A dataset of 216 890 genes was collected for analysis. By searching keywords associated with transport types in the annotation description, the following categories were assigned to the transport proteins: Simple, ABC, PTS, Cofactor, and oxidation-reduction (Redox). Simple is the most generic category, as it encompasses the simplest transport types: Uniport, Symport, and Antiport. These three were grouped in the same category as it was challenging to differentiate transporters characterized as “Major Facilitator Superfamily” or “porin.” Nevertheless, it was not possible to infer the transport type for around 27% of RAST’s annotations and 35% of RefSeq’s annotations, as it was not possible to automatically assume a transport type (e.g. Shikimate transporter). Moreover, regarding RefSeq’s dataset, almost 10% of the entries were not annotated. The filtered datasets included 150 949 and 134 116 transporters for RAST and RefSeq, respectively.
According to Fig. 2, all categories match over 92% of RAST and 89% of RefSeq’s annotations. One of the cases analyzed was regarding the gene STERM_RS12595, in which RAST’s annotation is ABC transporter. In this case, TranSyT’s BLAST results assigned the gene to TC family 9.B.20. Entries assigned in TC class 9 are usually incompletely characterized and in many instances lacking a TC family generic reaction, causing TranSyT to flag TCDB’s data as unreliable for such cases and use MetaCyc instead. In this specific case, MetaCyc’s reaction was a Uniport created without human supervision. However, the compound in transport agreed with RAST’s annotation. For the same gene, RefSeq’s annotation had no reference to the transport type in its annotation and was therefore not included in the dataset.
Figure 2.
Comparison of TranSyT’s genes transport type annotation against RAST and RefSeq filtered datasets. The bars represent the percentage of genes annotated by TranSyT with identical annotation on either RAST or RefSeq
A similar approach was used to compare the compounds in the filtered dataset (Fig. 3). However, in this case, only RAST annotations were used as the annotations are generally more descriptive, and all genes had an annotation. Cytosine, sulphate, acetate, putrescine, copper, nitrate, and cellulose were selected for the study.
Figure 3.
Comparison of genes associated with the transport of seven randomly selected metabolites between TranSyT and RAST. These metabolites were selected from the shared pool of metabolites obtained with the previous assessments. The bars represent the percentage of genes annotated by TranSyT with identical annotation on RefSeq for each compound
As shown in Fig. 3, cytosine, copper, and nitrate had the lowest match rate, whereas the remaining compounds scored above 86% in agreement with RAST’s annotation. A more detailed analysis of TranSyT’s annotations for cytosine shows that 24.6% of the cases annotated as transporting this compound had the description “Cytosine/purine/uracil/thiamine/allantoin permease family protein” assigned by RAST and TC number 2.A.39.3.4 by TranSyT. For this family, TCDB only describes allantoin as transporting compound. MetaCyc’s reaction is also in agreement with TCDB, describing the homolog as “allantoin permease.”

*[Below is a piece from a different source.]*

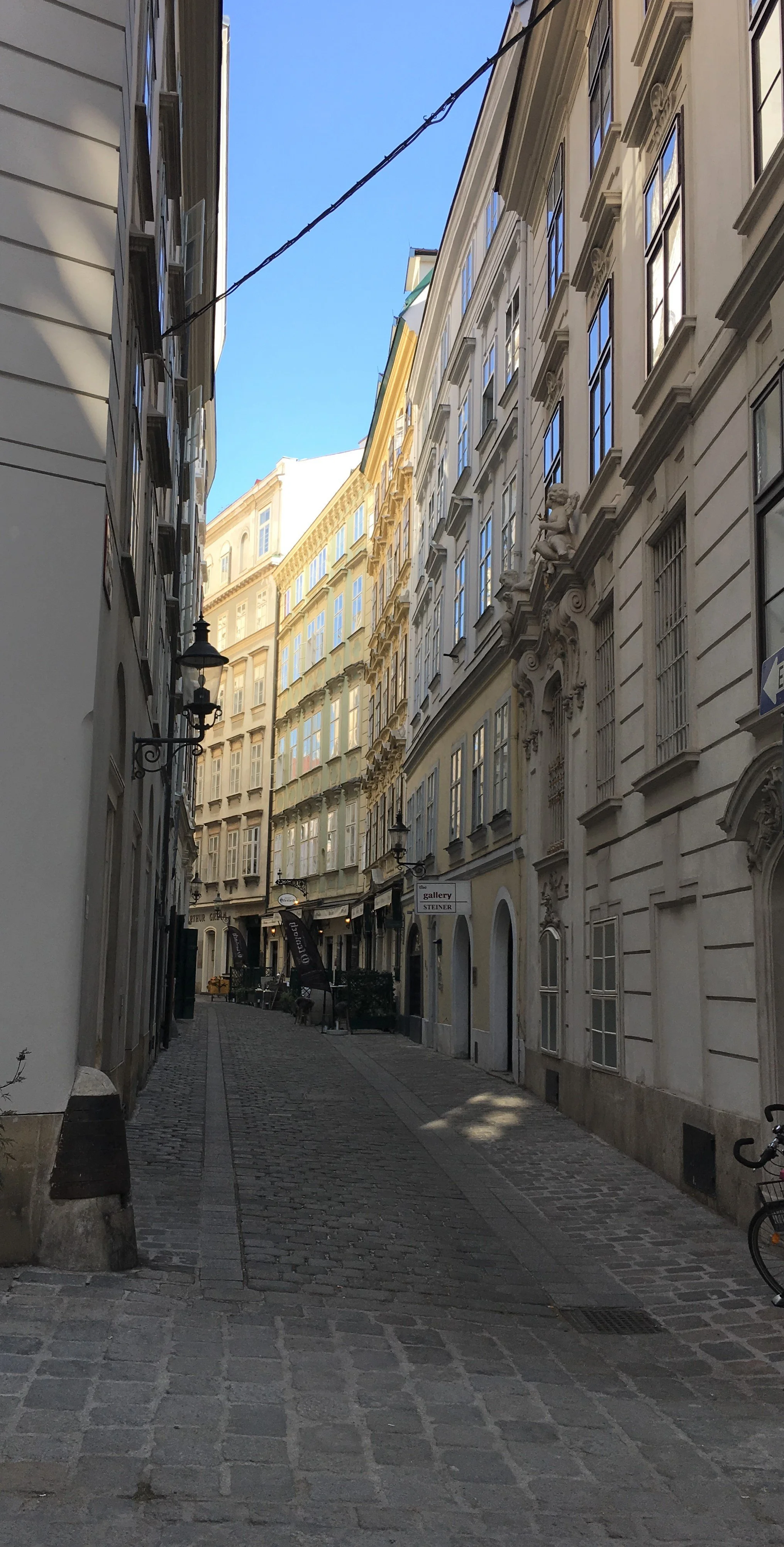 Ambling on a side street towards Café Sperl’s corner location, hovering at store window reflections to check for tails, I notice two short, intentionally discrete chalk marks on the yellow concrete wall framing the café’s mahogany entryway. Chalk marks, as every John le Carré reader knows, are indispensable espionage tradecraft used for maintaining operational security. They signal the location of a dead drop.

A second case was analyzed for cytosine in which RAST had the same annotation as before. However, TranSyT assigned the TC number 2.A.39.3.14, for adenine, guanine, uracil, and allantoin transport, though in this case, MetaCyc provided no information. Nevertheless, as TCDB provides cross-references to literature sources, it was possible to find in Schein et al.’s (2013) that this protein cannot transport cytosine and uridine. This situation was observed in 6.6% of genes.
Regarding copper annotations, in 15% of the cases, RAST assigned the genes as “Copper-translocating P-type ATPase (EC 3.6.3.4); Lead, cadmium, zinc, and mercury transporting ATPase (EC 3.6.3.3) (EC 3.6.3.5).” With the advent of EC number class 7, the EC numbers were transferred to EC 7.2.2.9, EC 7.2.2.21, and EC 7.2.2.12, respectively. Running a BLAST against such genes and combining the results with UniProt data, it was possible to determine that the TC numbers with the best results in the alignment are associated with EC numbers 7.2.2.21 and 7.2.2.12. These TC numbers do not contain copper in their descriptions. A relaxation of the parameters would eventually allow TranSyT to include TC numbers with lower similarity related to EC number 7.2.2.9, and consequently, copper reactions.

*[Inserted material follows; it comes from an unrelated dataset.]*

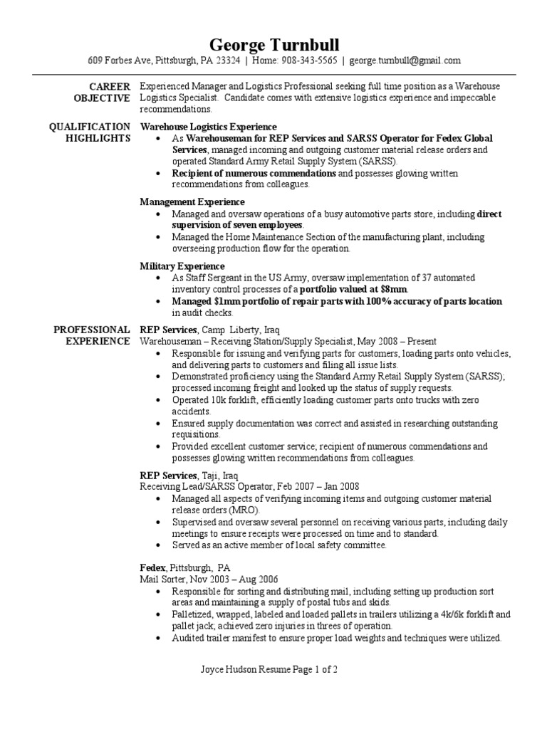 Resume For Logistics Specialist Hotwiresite Com

A third case was analyzed for nitrate, where it was found that for 10% of the entries, RAST annotated these genes as “Nitrate/nitrite transporter.” When running a BLAST of the same genes on NCBI, it was possible to confirm TranSyT’s annotations of “putative tartrate transporter” genes.
3.3 Comparative analysis of TranSyT and TransAAP
Genes identified as transporter-encoding by TranSyT and TransAAP and the respective annotations were compared. The analysis was performed for three organisms: P.aeruginosa, S.cerevisiae, and O.lucimarinus, with two different TranSyT’s configurations. Figure 4 shows Venn diagrams identifying the overlap of genes annotated as transporters by both tools.
Figure 4.
Venn diagrams with genes identified as transporter-encoding by TransAAP and TranSyT, using TranSyT’s default parameters (A) and relaxed parameters (B)
Using default parameters, TranSyT predicted around 55%, 33%, and 77% of the genes identified as transporter encoding by TransAAP for P.aeruginosa, O.lucimarinus, and S.cerevisiae, respectively. When the TranSyT’s parameters are less restrictive, such values increased to 76%, 66%, and 84%, respectively. In this case, the number of genes identified becomes higher than the TransAAP ones for all organisms.
Genes from S.cerevisiae identified by TranSyT but not by TransAAP were further analyzed to validate the transporter classification by checking the respective record at Swiss-Prot. O.lucimarinus and P.aeruginosa were not included in this analysis as the number of entries at this database is relatively low. In the first case, from the 138 genes identified by TranSyT and not TranAAP, 122 are associated with some transport mechanism at Swiss-Prot (88.4%), while for relaxed parameters this percentage decreases to 80.3%.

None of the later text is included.